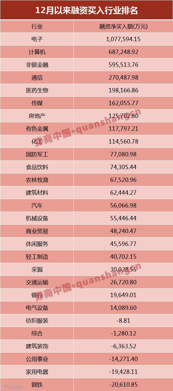 如果将时间拉长至12月以来,融资净买入最多的行业依然是电子、计算机、非银金融、通信和医药生物,分别达到107.76亿元、68.72亿元、59.55亿元、27.05亿元、19.82亿元。
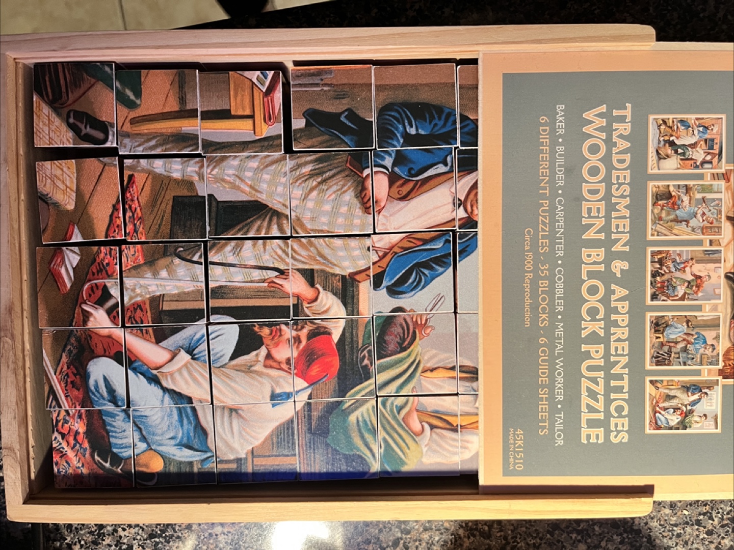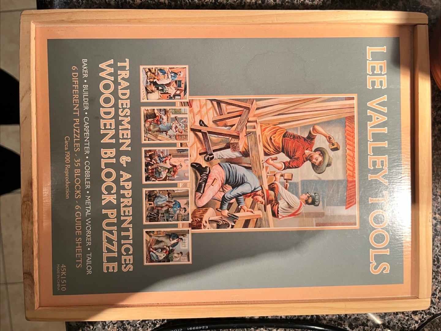 Selling a Lee Valley Tools Tradesmen & Apprentices Wooden Block Puzzle. It features 6 different puzzles with 35 blocks and 6 guide sheets. A circa 1900 reproduction.
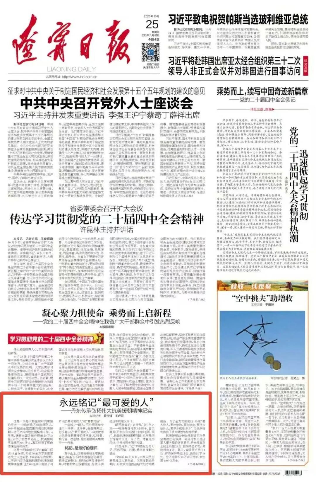 10月25日出版的辽宁日报,以《永远铭记“最可爱的人”——丹东传承弘扬伟大抗美援朝精神纪实》为题,重点报道了丹东在跨越时空、历久弥新的伟大抗美援朝精神指引下,不断守正创新,奋力续写“英雄城市”的坚实步伐。
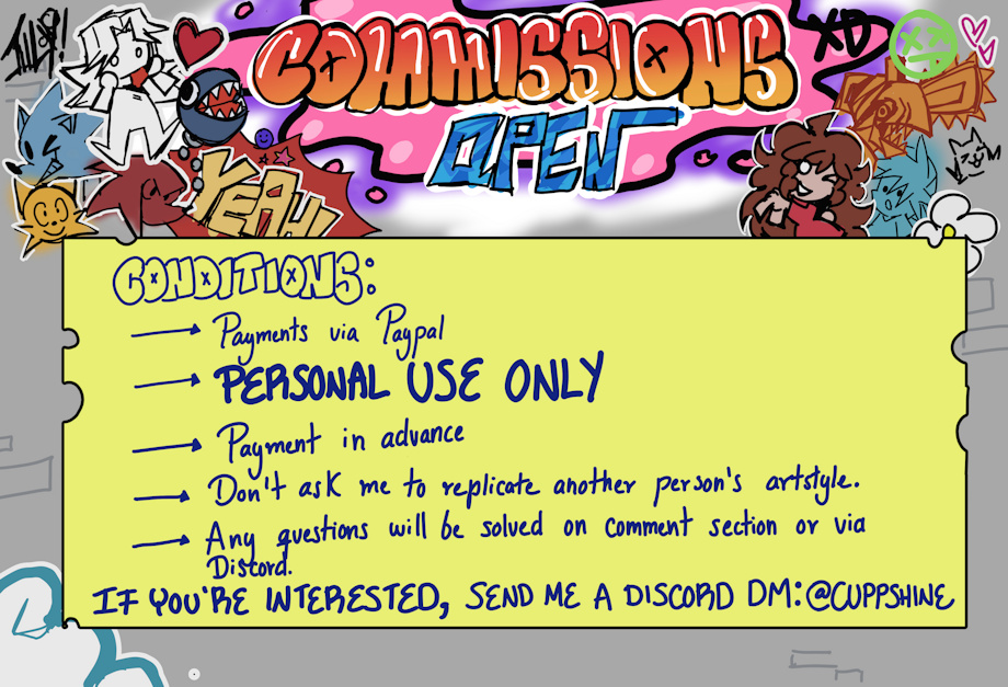 I'm glad to announce You all, I have commissions open! In case you Don't have Discord and you're interested on buying then please send me a Gmail to cuppadonn@gmail.com with your Inkbunny, Twitter or instagram username and the words "Commission request" or related as a subject.
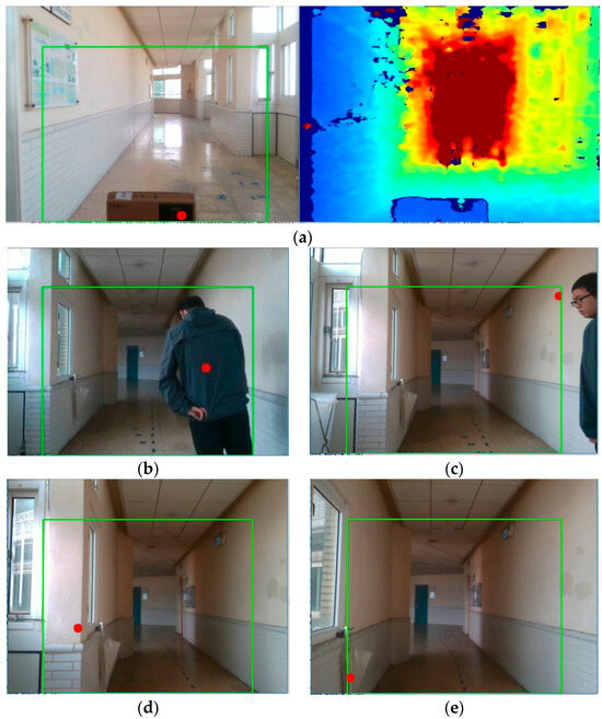 Detection of different obstacles: (a) obstacle detection and obstacle depth map, (b) nearest obstacle point is on the right side, (c) move to the left and the obstacle is outside the safe frame, (d) nearest obstacle point is on the left side, (e) move to the right and the moving direction is clear.
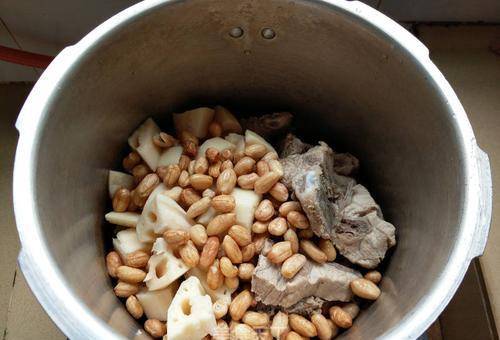 5:锅里放猪骨(如果想省时间,可以放高压锅里),加点莲藕和花生米,加几片姜,加几滴油加一勺料酒一汤匙,盖上锅盖放上高温,大火烧开后煮30分钟左右。
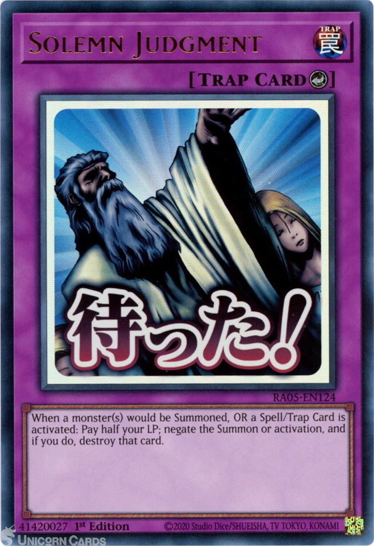 - RA05-EN124 Solemn Judgment (Stamp Artwork) : Ultra Rare 1st Edition Mint YuGiOh Card
----
Beginning with the line that contains "10月25日出版的辽宁日报,以《永远铭记" and ending with the final line of the listing, return each line exactly. Omit all pictures.

> [EXERCISE RESPONSE]:
 10月25日出版的辽宁日报,以《永远铭记“最可爱的人”——丹东传承弘扬伟大抗美援朝精神纪实》为题,重点报道了丹东在跨越时空、历久弥新的伟大抗美援朝精神指引下,不断守正创新,奋力续写“英雄城市”的坚实步伐。
 I'm glad to announce You all, I have commissions open! In case you Don't have Discord and you're interested on buying then please send me a Gmail to cuppadonn@gmail.com with your Inkbunny, Twitter or instagram username and the words "Commission request" or related as a subject.
 Detection of different obstacles: (a) obstacle detection and obstacle depth map, (b) nearest obstacle point is on the right side, (c) move to the left and the obstacle is outside the safe frame, (d) nearest obstacle point is on the left side, (e) move to the right and the moving direction is clear.
 5:锅里放猪骨(如果想省时间,可以放高压锅里),加点莲藕和花生米,加几片姜,加几滴油加一勺料酒一汤匙,盖上锅盖放上高温,大火烧开后煮30分钟左右。
 - RA05-EN124 Solemn Judgment (Stamp Artwork) : Ultra Rare 1st Edition Mint YuGiOh Card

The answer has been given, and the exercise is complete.